# CS 662 Assignment 8: Bayesian Learning

Assigned: Thursday, November 1.
Due: Tuesday, November 20 at the start of class.
60 points total.

What to turn in: Written answers for questions 1 and 2. For question 3, hard copy of your source code.

Question 1: Probability (10 Points)
• (3 points) A bag contains k fair coins and one two-headed coin. Without looking, you select a coin at random and toss it n times. All n tosses are heads. What is the probability that the coin is fair?
• (4 points) Do problem 13.6 a-d on pp 489 of Russell and Norvig.
• (3 points) Joe Student comes to his professor and tells him that he forgot to bring his project to hand in, and wants to turn it in tomorrow without penalty. The professor knows that 1 time in 100, a student completes her assignment and forgets to bring it. The professor also knows that 50% of the time, a student who hasn't completed the assignment will say that they forgot it. Finally, the professor believes that 90% of the students in the class completed the assignment.

What is the probability that the student actually completed the assignment?
Question 2: Bayesian Networks (10 points)

Do Problem 14.2 a-e on pp 534 of Russell and Norvig (2 points each).

Question 3: Naive Bayes Spam Classification (40 points)

In this problem, you will implement a Naive Bayes classifier in Python that can distinguish between spam and non-spam, or "ham".
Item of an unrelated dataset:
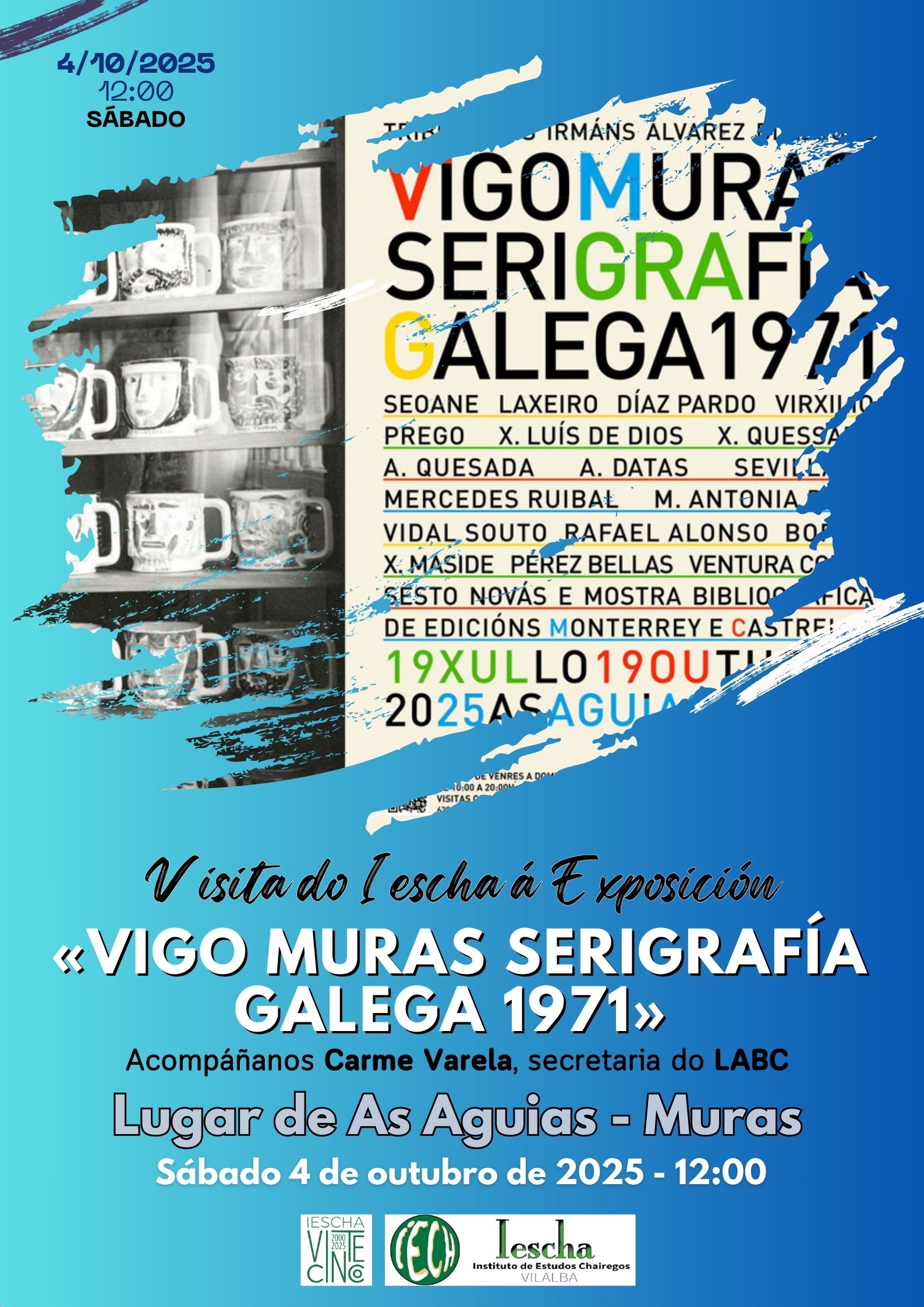 O vindeiro sábado 4 de outubro de 2025, o Instituto de Estudos Chairegos (IESCHA) ten previsto visitar, no lugar de AS AGUIAS-MURAS, a exposición “Vigo-Muras Serigrafía Galega 1971”, un tributo aos irmáns Álvarez Blázquez que acerca ao público 41 serigrafías saídas dos talleres da Serigrafía Gallega (Sega), fundada en Vigo por Álvaro Álvarez Blázquez, e expostas por primeira vez en Galicia en 1971.
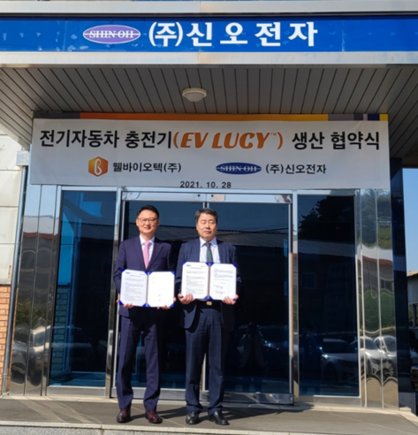 웰바이오텍은 한국형 EV충전기 제품 명칭을 ‘EV LUCY’로 확정하고 본격적인 제품 생산을 위해 신오전자와 ‘EV LUCY’ 생산 협력 계약을 체결했다고 29일 밝혔다.

Your program should be able to train on a set of spam and a set of "ham." This training should include counting the frequency of each token in both spam and ham corpora.

Your program should then be able to classify an unseen email as either spam or ham by computing the MAP hypothesis:

P(spam | t1, t2, ...,tn) = alpha * P(t1,t2,tn | spam)P(spam)

Which we'll estimate as: alpha * P(t1 | spam)P(t2 | spam) ... P(spam)

You may build your program however you like, although we will still expect you to use the good programming and design practices you have learned throughout the semester. The only requirement is that we be able to run your program exactly like this:
```python ./nb.py --hamtrain=dir1 --spamtrain=dir2 --hamtest=dir3 --spamtest=dir4
```
Where dir1-4 are directories containing ham and spam emails used for training and testing.

Your program must print out its results in the following format:
```Size of ham training set: 500 emails
Size of spam training set: 700 emails:
Percentage of ham classified correctly: 98.2
Percentage of spam classified correctly: 97.0
Total accuracy: 97.5
False Positives: 1.8
```
There are several public repositories of email that can be used for training and testing. We will be using the SpamAssassin public corpus to evaluate your classifier. You are welcome to download the data yourself; a copy is also in /home/public/cs662.

The SpamAssassin corpus contains spam, easy ham, and hard ham. We'll use the hard ham to test your classifier.

#### Details

You will find that there are a lot of decisions and tweaks you can make to influence the performance of your classifier. For example, should you look at all terms, or just English words? Should you treat headers differently? When classifying an email, should you use all of its words, or just the most significant? What are reasonable priors for spam and non-spam? What about trying to parse the email and only use some chunks? These decisions are up to you: you are encouraged to experiment as much as possible.

Naive Bayes is a popular approach to spam filtering; you will find lots of resources on the Web, including:
There are many other resources as well. You are welcome to use the ideas (but NOT the code) from any outside source, with the following caveat:

You MUST give appropriate credit to any ideas you discover elsewhere. For example, if you read Graham's article and notice that he only uses the 15 most significant words in classifying an unseen email and decide to take this approach, you should indicate in your report (see below) that this idea is from Graham's article. Include author and URL whenever possible. Students who use other people's ideas without proper attribution will receive an automatic zero.